DVD verseBLACK CHRISTMAS
Ernesto Diezmartínez GuzmánA fines del año pasado se estrenó con más pena que gloria Gritos en la Oscuridad (Morgan, 2006), el fallido remake del seminal slasher-film Black Christmas (Canadá, 1974), una película de horror con serial-killer suelto que, realizada cuatro años antes que la mejor y más famosa Halloween (Carpenter, 1978), ya expresaba, de todas formas, buena parte de los elementos estilísticos y temáticos que se volverían, con el paso del tiempo, sobadísimas convenciones, gastadísimos clichés.
Dirigida vigorosamente por el prolífico artesano canadiense Bob Clark, Black Christmas nos entrega un violento escenario fílmico que se volvería cansinamente cotidiano en las próximas décadas: un misterioso asesino psicópata que nunca identificamos, acosa a un grupo de muchachas que se quedó en su casa-hogar universitario a pasar la Navidad. El anónimo tipejo no sólo las molesta con obscenas llamadas telefónicas sino que, en plena Nochebuena, entra a la casa y empieza a escabechárselas asfixiándolas o con el infaltable cuchillo cebollero, marca de fábrica cinematográfica que, unos años después, retomarían los inmortales Michel Myers o Jason Voorhees. Como sería costumbre en este tipo de cintas, hay una muchacha mal-portada y rebelde (Margott Kidder antes de Superman/Donner/1978), y otra serena, sensible y equilibrada (Olivia Hussey, después de Romeo y Julieta/Zeffirelli/1968) y, si tiene usted experiencia viendo esta clase de filmes, ya sabe usted cuál de ellas va a morir y cuál va a ser la heroína.
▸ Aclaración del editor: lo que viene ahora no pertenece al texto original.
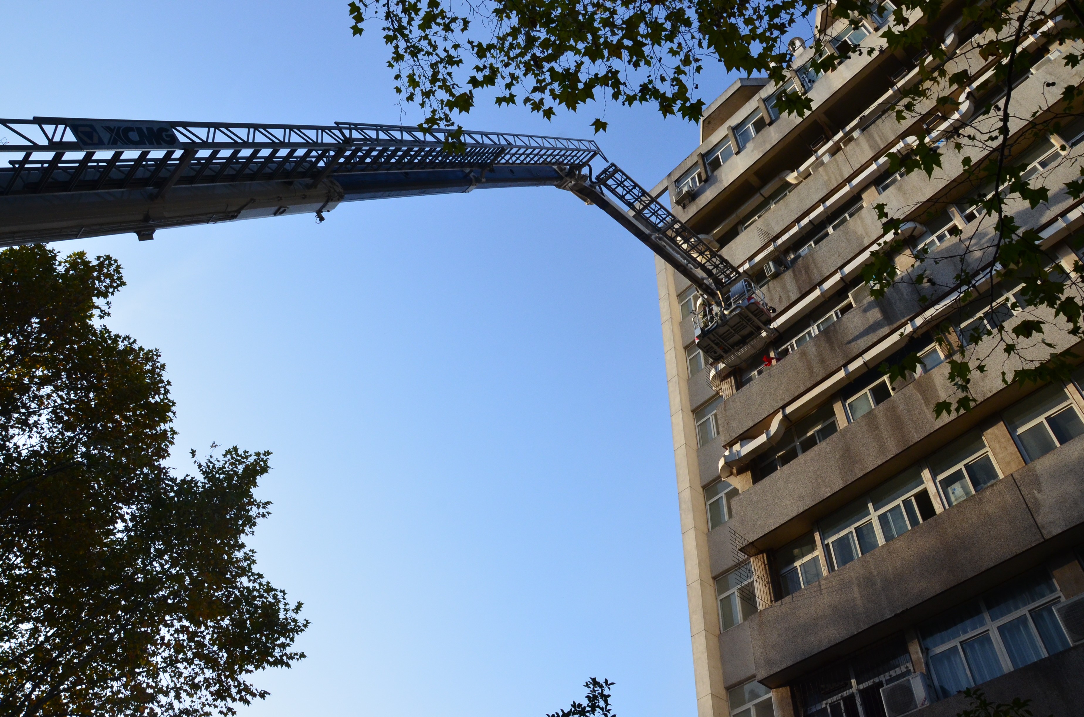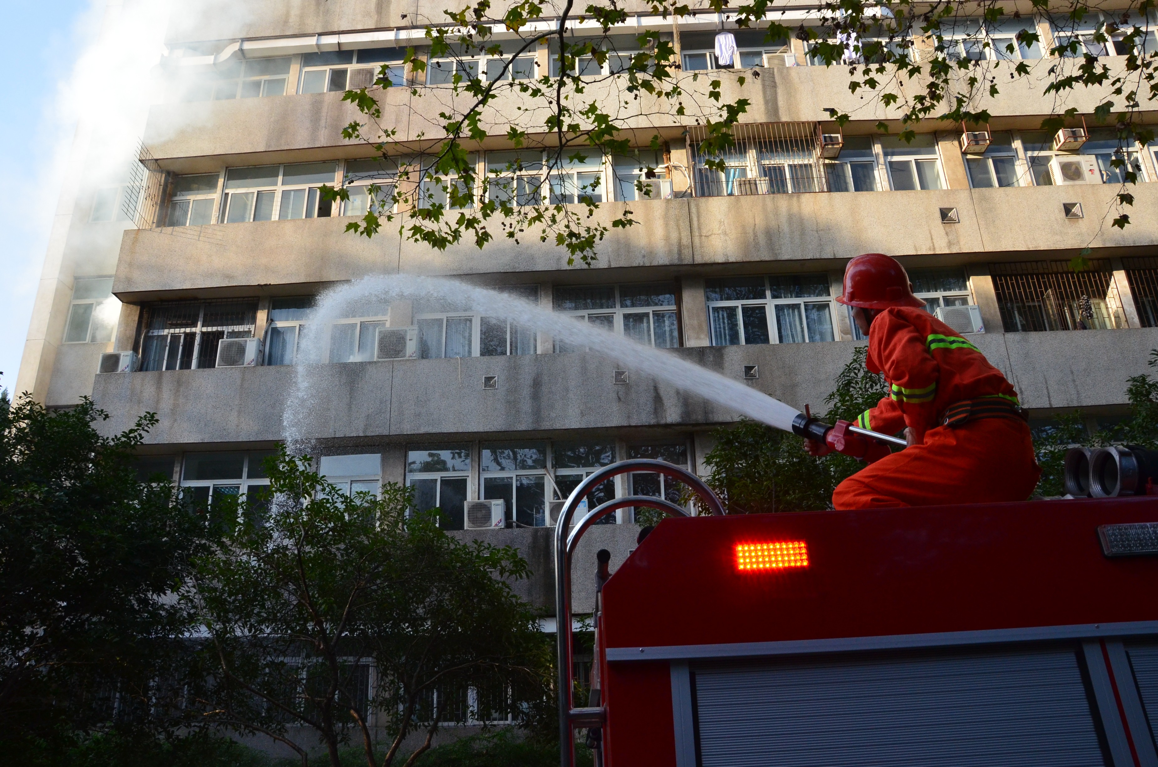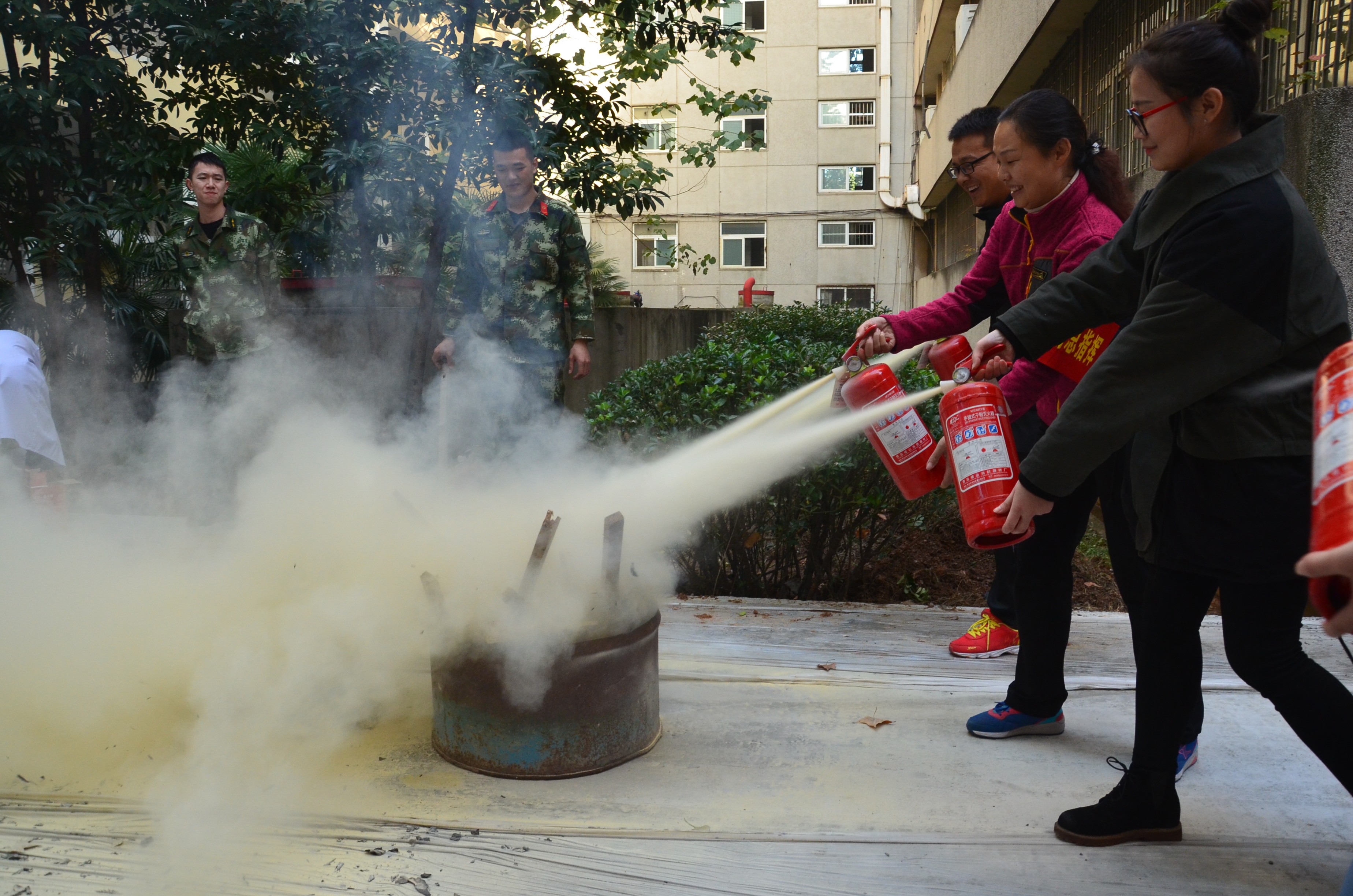 随后,在场的百余人积极配合,进行了火灾逃生演习:化学楼二楼出现“险情”并迅速蔓延,警报声响起,师生紧张但又有序的从化学楼各个楼层跑出,疏散员认真引导,抢险员及时扑救,报警后消防员迅速赶往“火灾”现场。两辆消防车分别进行了灭火、救援任务,一辆消防车从地面打出高压水柱扑灭了化学楼的“火灾”,消防云梯车从六楼窗口救出由化院党委副书记吴疆鄂老师扮演的被困人员,赢得现场一片掌声。逃生演习之后,由武汉市消防局的消防队员为我们演示了灭火器的使用方法,数十名师生亲身体验,使用灭火器,扑灭被点燃的火源。

El filme presume un espléndido trabajo fotográfico de Reginald H. Morris, tanto en el experto manejo de la cámara subjetiva por medio de la cual compartimos las andanzas del asesino –otro elemento estilístico que tomarían todas las slasher-movies posteriores- como en el montaje y ejecución del desenlace, que cuenta con un magnífico plano secuencia que, además, resulta dramáticamente pertinente para subrayar la persistencia e invencibilidad del mal.
Al ver esta Black Christmas ante el estreno de su desbordado pero lamentable refrito, uno puede notar cómo ha cambiado para mal este tipo de fórmulas: los serial-killers de los 70 eran fuerzas impredecibles del mal y no había explicación alguna para sus crímenes. Uno podía imaginar las causas o el origen de la psicopatía del asesino, pero esto no era lo importante. En los remakes que se han hecho de estas cintas en el nuevo siglo, los criminales no sólo son explicados sino hasta justificados, lo que termina diluyendo el sentido amenazante de esos personajes. Pareciera que ahora hay que tenerles lástima a Michael Myers, al Cara-de-Cuero, al psicópata de Black Christmas, aunque ellos nos quieran sacar las tripas con una sierra o un cuchillo cebollero. Sí, como no.
El DVD de Black Christmas que revisé es para coleccionistas: documental de aniversario, dos comentarios en audio (uno de Clark y otro de los actores Keir Dullea y John Saxon), entrevistas, escenas alternativas, trailers, fotos y demás pedacería.